(Collected data entries)
++++++++++++++++++++

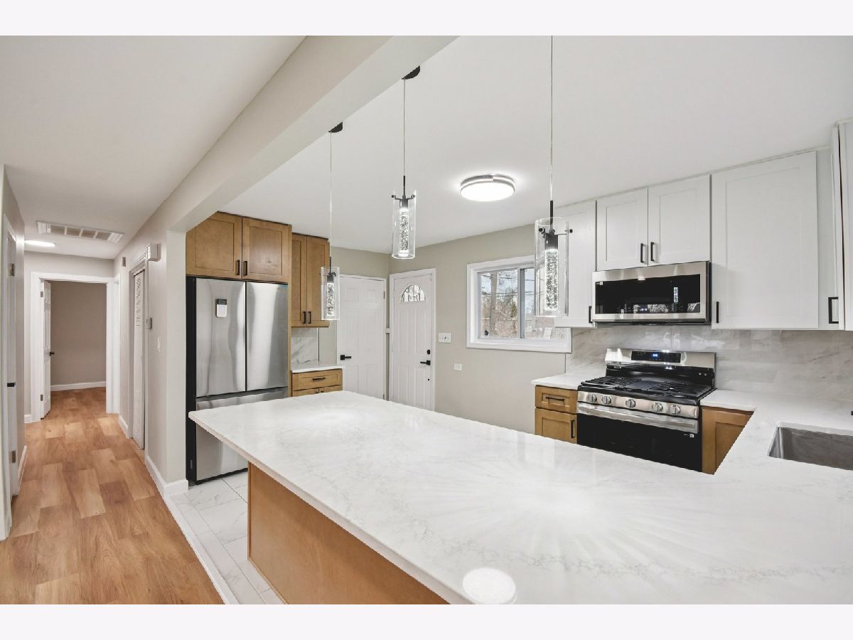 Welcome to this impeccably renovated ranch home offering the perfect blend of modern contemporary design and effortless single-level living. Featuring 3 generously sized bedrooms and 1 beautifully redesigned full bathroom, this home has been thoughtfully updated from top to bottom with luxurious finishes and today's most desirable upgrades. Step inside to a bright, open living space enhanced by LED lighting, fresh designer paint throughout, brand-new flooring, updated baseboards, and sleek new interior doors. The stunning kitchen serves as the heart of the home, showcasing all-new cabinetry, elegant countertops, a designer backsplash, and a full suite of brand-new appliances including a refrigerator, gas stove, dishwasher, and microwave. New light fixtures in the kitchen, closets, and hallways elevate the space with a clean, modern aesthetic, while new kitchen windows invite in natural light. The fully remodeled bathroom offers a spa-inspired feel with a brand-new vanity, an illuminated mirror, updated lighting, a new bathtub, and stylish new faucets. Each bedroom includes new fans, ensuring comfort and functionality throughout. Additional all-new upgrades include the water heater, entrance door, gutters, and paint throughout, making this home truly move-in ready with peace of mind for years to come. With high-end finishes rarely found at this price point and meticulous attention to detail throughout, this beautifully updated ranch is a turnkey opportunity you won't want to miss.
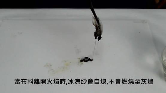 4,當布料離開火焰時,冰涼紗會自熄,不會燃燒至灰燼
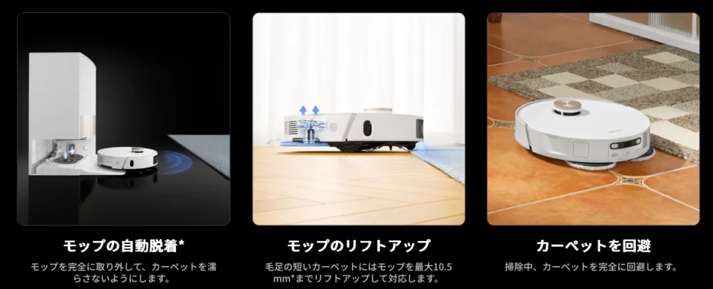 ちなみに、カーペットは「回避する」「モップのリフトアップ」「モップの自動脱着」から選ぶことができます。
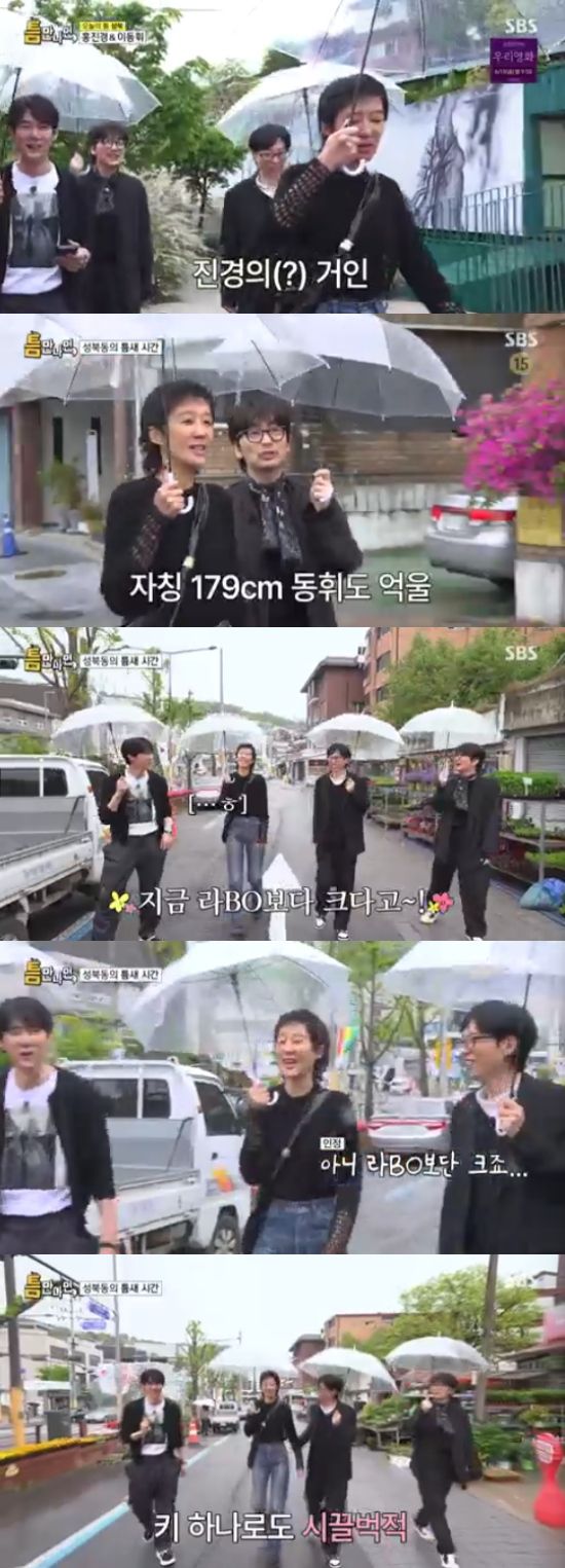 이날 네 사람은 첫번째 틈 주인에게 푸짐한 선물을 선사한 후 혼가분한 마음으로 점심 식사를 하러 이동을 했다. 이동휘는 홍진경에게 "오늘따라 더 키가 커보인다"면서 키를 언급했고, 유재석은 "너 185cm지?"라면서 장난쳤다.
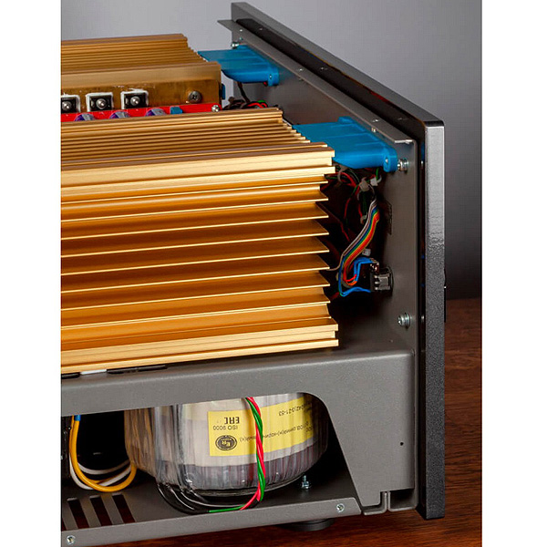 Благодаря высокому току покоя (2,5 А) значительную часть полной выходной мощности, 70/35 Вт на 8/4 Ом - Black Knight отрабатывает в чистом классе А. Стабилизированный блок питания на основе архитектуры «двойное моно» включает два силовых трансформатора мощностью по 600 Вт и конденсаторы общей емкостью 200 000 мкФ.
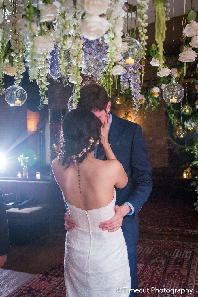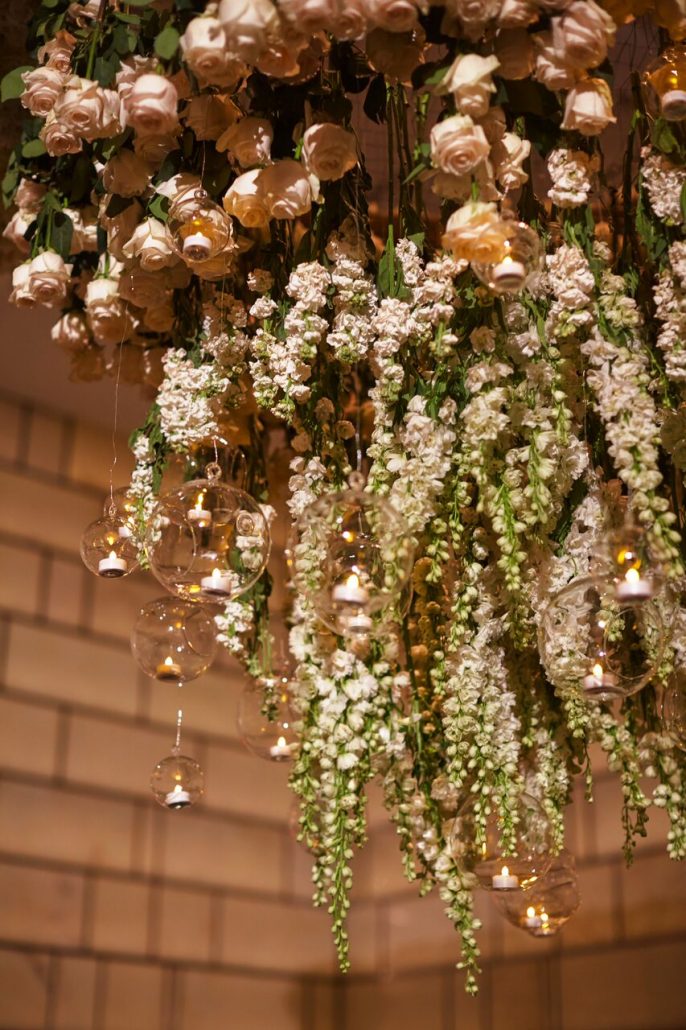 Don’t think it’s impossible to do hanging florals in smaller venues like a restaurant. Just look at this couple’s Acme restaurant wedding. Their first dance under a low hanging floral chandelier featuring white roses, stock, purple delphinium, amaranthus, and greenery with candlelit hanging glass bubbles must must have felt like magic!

++++++++++++++++++++

## YOUR OBJECTIVE
Output should consist of the lines above from the one with "ちなみに、カーペットは「回避" down to the one with "이날 네 사람은 첫번째", exact and without pictures.

## WRITTEN ANSWER
 ちなみに、カーペットは「回避する」「モップのリフトアップ」「モップの自動脱着」から選ぶことができます。
 이날 네 사람은 첫번째 틈 주인에게 푸짐한 선물을 선사한 후 혼가분한 마음으로 점심 식사를 하러 이동을 했다. 이동휘는 홍진경에게 "오늘따라 더 키가 커보인다"면서 키를 언급했고, 유재석은 "너 185cm지?"라면서 장난쳤다.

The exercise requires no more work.